With The Independent reporting that 63.9% of female undergraduates are leaving universities with “good” degrees, a lack of visibility of female academics at the University of Bristol — especially in the more scientific faculties — is in stark contrast to the number of undergraduates in the same subjects. More and more articles are appearing asking “Where are the men?” seeking to discover why the gender gap of undergraduates is weighted in women’s favour, but few have even commented on the fact that women are still struggling for visibility as academics. Women are avoiding the academic world and important questions must be asked about whether this is evidence of institutional laziness on the part of universities.
A recent Commons Report titled “Women in Scientific Careers” (focussing solely on the topic of academia) found the gender diversity – or lack of it – in senior academic positions in STEM (Science, Technology, Engineering and Mathematics) “astonishing”. This conclusion of surprise is certainly supported by the Bristol experience: only 19% female Biology academics and fewer than 7% female Chemistry academics. Science students are beginning to question the gender gap at an academic level and why in 2014 it still remains an issue for women to break into STEM academia. One biology student commented: “I’m in my second term of University and I’ve yet to be taught by a woman. Representation is important and it’s worrying that female undergraduates might be less inclined to pursue an academic career.”

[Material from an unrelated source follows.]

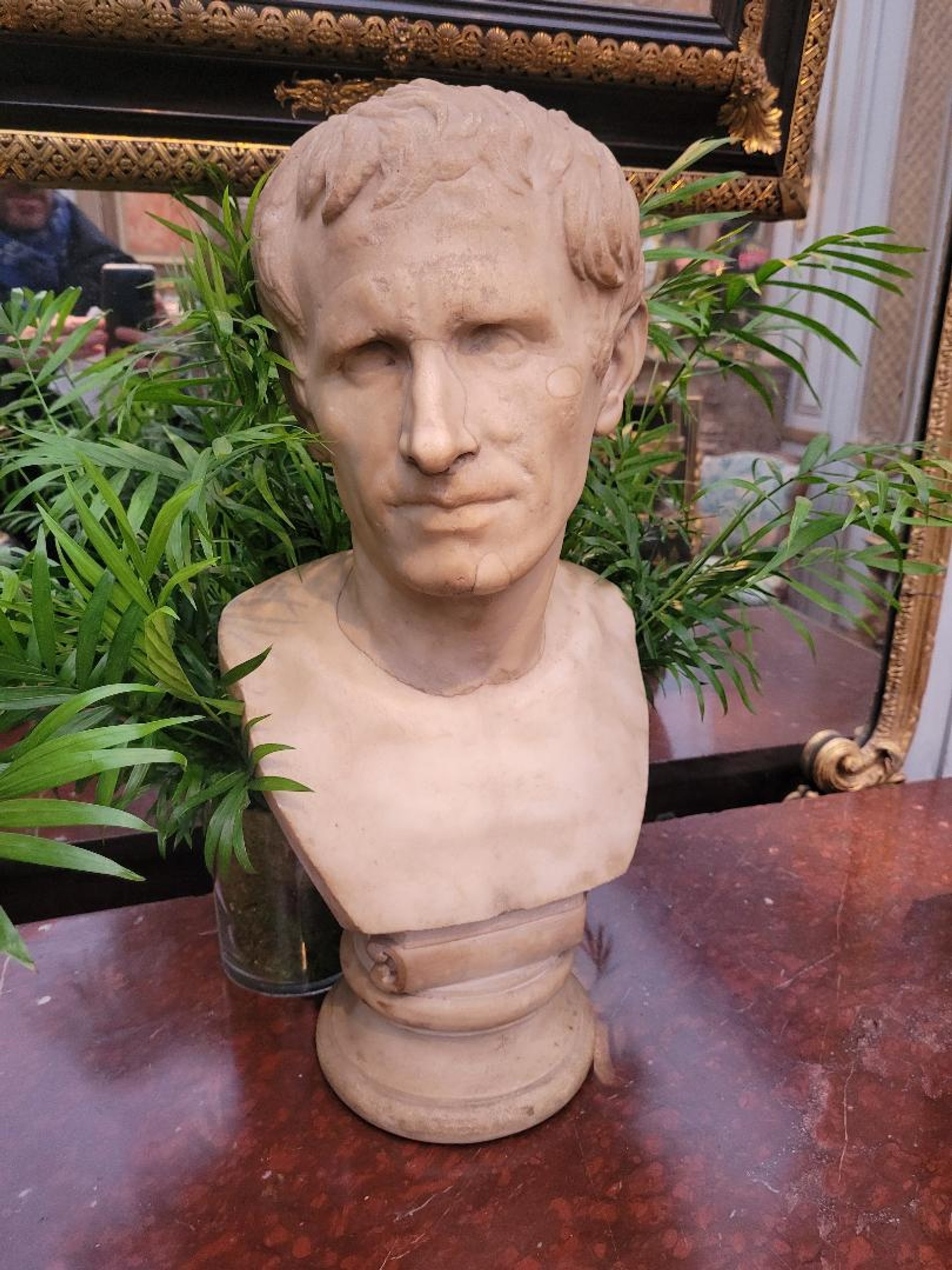 L’antiquaire parisien associe, comme à l’accoutumée, boiseries précieuses, commodes Grand Siècle et quelques sculptures, tel ce buste présumé du grand Jules César. Selon la galerie, « on connaît peu de bustes de lui, ceux qui sont restés datent de la période julio-claudienne [- 27 avant J.-C. à 68 après J.-C. ] ». Le seul modèle comparable serait un exemplaire se trouvant dans la galerie Colonna à Rome.

Universities are attempting to improve the imbalance in STEM departments with processes such as the Athena Swan awards. However, the School of Chemistry at Bristol holds a Bronze award for “promoting gender equality” despite having fewer than ten female academics in one of the largest departments at Bristol. The bar seems quite low. This doesn’t mean there isn’t a tangible appetite to tackle inequality in academia head on, it just seems that there has been little visible progression, simply supplementary reports and promises to improve.
Many female academics such as Athene Donald, professor of experimental physics at the University of Cambridge, have expressed disappointment with the Commons Report mostly due to it appearing to provide nothing more than “superficial recommendations”. I agree with Donald when she suggests more “drastic action” to tackle the current gender norms in university departments, without a vocal and aggressive protest calling for more inclusive hiring strategies. “There is a long, long way to go but all parts of the system need to be addressed if we are going to get past the stage of mere astonishment,” Donald wrote in February. We need to involve all levels of education; if women aren’t being encouraged equally at all stages of schooling then fixing the top level of academia will do little to fix the imbalance.
Personally, it’s been my experience with the history department at Bristol that has sparked this article. Why in a subject such as history with an equal amount of male and female undergraduates are there only 29% female academic staff? Having so few women lecturers in history when both genders are so equally matched at undergraduate level causes students to wonder if the higher jobs remain a boys’ club even in 2014.
Lynne H. Walling, head of pure mathematics at University of Bristol, has experienced more than her fair of sexism on her route to the top of her profession. Maths stereotypically has always been seen as a masculine pursuit and women have often been excluded or stymied in their interest. “More and more women do math, but we can hardly find female mathematicians who keep on researching the field.” She commented in interview with Somin Kim: “Only a few speakers at academic conferences are women, and sometimes none. Women feel that they don’t fit in the mathematical society and this is the hardship to continue their research.” Representation has always been a core issue. Without at least an approximation of gender equality among lecturers, female students are less like to dream to achieve. There isn’t an absence of female curiosity or intellect, there’s a lack of a platform.
But does a mismatch between women students and male lecturers actually impact free expression? At an undergraduate level the gender of their tutor seems to greatly impact female students. It becomes an issue of their future career as many women are told by those in academia that their gender is a weakness in the fight for research funding. No wonder women are half as likely to choose academia as a preferred career than men. Penelope Lockwood investigated whether the gender of career role models affected university students and she conclusively proved that women are more greatly motivated when inspired by the women in their chosen career, not the men. This is because the female students understood that their role model had surmounted and survived gender-specific challenges that they anticipate combatting in the future. They decisively empathise better with a female tutor.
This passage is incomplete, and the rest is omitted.